[Start of Attachment]

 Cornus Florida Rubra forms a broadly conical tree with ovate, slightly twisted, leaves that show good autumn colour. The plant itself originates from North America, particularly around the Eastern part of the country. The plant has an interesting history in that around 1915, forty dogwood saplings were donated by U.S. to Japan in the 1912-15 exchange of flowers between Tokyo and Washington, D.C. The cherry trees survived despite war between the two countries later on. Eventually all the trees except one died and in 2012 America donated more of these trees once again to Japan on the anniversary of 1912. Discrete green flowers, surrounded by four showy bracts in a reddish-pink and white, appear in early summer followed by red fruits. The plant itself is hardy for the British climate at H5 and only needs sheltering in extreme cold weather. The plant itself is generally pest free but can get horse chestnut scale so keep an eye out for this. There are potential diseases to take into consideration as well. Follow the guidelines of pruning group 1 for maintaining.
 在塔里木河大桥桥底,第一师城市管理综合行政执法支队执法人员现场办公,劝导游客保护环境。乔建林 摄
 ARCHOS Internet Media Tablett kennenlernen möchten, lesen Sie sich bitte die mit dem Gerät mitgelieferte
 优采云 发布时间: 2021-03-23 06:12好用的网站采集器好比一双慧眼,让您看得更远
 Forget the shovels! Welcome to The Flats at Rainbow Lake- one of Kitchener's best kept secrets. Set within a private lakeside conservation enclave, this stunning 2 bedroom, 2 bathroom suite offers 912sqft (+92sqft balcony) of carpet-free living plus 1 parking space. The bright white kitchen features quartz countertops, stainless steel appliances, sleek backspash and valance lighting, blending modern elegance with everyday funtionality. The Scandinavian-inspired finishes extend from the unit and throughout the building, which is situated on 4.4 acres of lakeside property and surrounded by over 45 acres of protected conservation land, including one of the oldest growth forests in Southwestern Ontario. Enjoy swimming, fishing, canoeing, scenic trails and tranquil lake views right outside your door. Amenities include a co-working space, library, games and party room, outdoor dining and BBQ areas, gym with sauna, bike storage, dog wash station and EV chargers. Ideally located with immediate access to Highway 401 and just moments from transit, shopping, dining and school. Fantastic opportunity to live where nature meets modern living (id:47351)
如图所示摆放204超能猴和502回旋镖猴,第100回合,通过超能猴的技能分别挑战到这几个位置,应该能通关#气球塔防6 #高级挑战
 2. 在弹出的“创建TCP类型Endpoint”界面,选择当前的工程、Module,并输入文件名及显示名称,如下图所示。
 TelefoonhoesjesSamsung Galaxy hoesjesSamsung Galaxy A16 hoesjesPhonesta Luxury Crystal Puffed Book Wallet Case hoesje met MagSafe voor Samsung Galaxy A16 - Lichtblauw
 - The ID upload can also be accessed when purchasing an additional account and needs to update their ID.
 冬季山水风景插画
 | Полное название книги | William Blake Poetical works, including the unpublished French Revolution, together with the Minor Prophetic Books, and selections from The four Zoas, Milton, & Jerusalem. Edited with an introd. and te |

[End of Attachment]

= WHAT TO PRODUCE =
The records above must be set down again exactly as written.

= RESULT FOR THIS EXERCISE =
 Cornus Florida Rubra forms a broadly conical tree with ovate, slightly twisted, leaves that show good autumn colour. The plant itself originates from North America, particularly around the Eastern part of the country. The plant has an interesting history in that around 1915, forty dogwood saplings were donated by U.S. to Japan in the 1912-15 exchange of flowers between Tokyo and Washington, D.C. The cherry trees survived despite war between the two countries later on. Eventually all the trees except one died and in 2012 America donated more of these trees once again to Japan on the anniversary of 1912. Discrete green flowers, surrounded by four showy bracts in a reddish-pink and white, appear in early summer followed by red fruits. The plant itself is hardy for the British climate at H5 and only needs sheltering in extreme cold weather. The plant itself is generally pest free but can get horse chestnut scale so keep an eye out for this. There are potential diseases to take into consideration as well. Follow the guidelines of pruning group 1 for maintaining.
 在塔里木河大桥桥底,第一师城市管理综合行政执法支队执法人员现场办公,劝导游客保护环境。乔建林 摄
 ARCHOS Internet Media Tablett kennenlernen möchten, lesen Sie sich bitte die mit dem Gerät mitgelieferte
 优采云 发布时间: 2021-03-23 06:12好用的网站采集器好比一双慧眼,让您看得更远
 Forget the shovels! Welcome to The Flats at Rainbow Lake- one of Kitchener's best kept secrets. Set within a private lakeside conservation enclave, this stunning 2 bedroom, 2 bathroom suite offers 912sqft (+92sqft balcony) of carpet-free living plus 1 parking space. The bright white kitchen features quartz countertops, stainless steel appliances, sleek backspash and valance lighting, blending modern elegance with everyday funtionality. The Scandinavian-inspired finishes extend from the unit and throughout the building, which is situated on 4.4 acres of lakeside property and surrounded by over 45 acres of protected conservation land, including one of the oldest growth forests in Southwestern Ontario. Enjoy swimming, fishing, canoeing, scenic trails and tranquil lake views right outside your door. Amenities include a co-working space, library, games and party room, outdoor dining and BBQ areas, gym with sauna, bike storage, dog wash station and EV chargers. Ideally located with immediate access to Highway 401 and just moments from transit, shopping, dining and school. Fantastic opportunity to live where nature meets modern living (id:47351)
如图所示摆放204超能猴和502回旋镖猴,第100回合,通过超能猴的技能分别挑战到这几个位置,应该能通关#气球塔防6 #高级挑战
 2. 在弹出的“创建TCP类型Endpoint”界面,选择当前的工程、Module,并输入文件名及显示名称,如下图所示。
 TelefoonhoesjesSamsung Galaxy hoesjesSamsung Galaxy A16 hoesjesPhonesta Luxury Crystal Puffed Book Wallet Case hoesje met MagSafe voor Samsung Galaxy A16 - Lichtblauw
 - The ID upload can also be accessed when purchasing an additional account and needs to update their ID.
 冬季山水风景插画
 | Полное название книги | William Blake Poetical works, including the unpublished French Revolution, together with the Minor Prophetic Books, and selections from The four Zoas, Milton, & Jerusalem. Edited with an introd. and te |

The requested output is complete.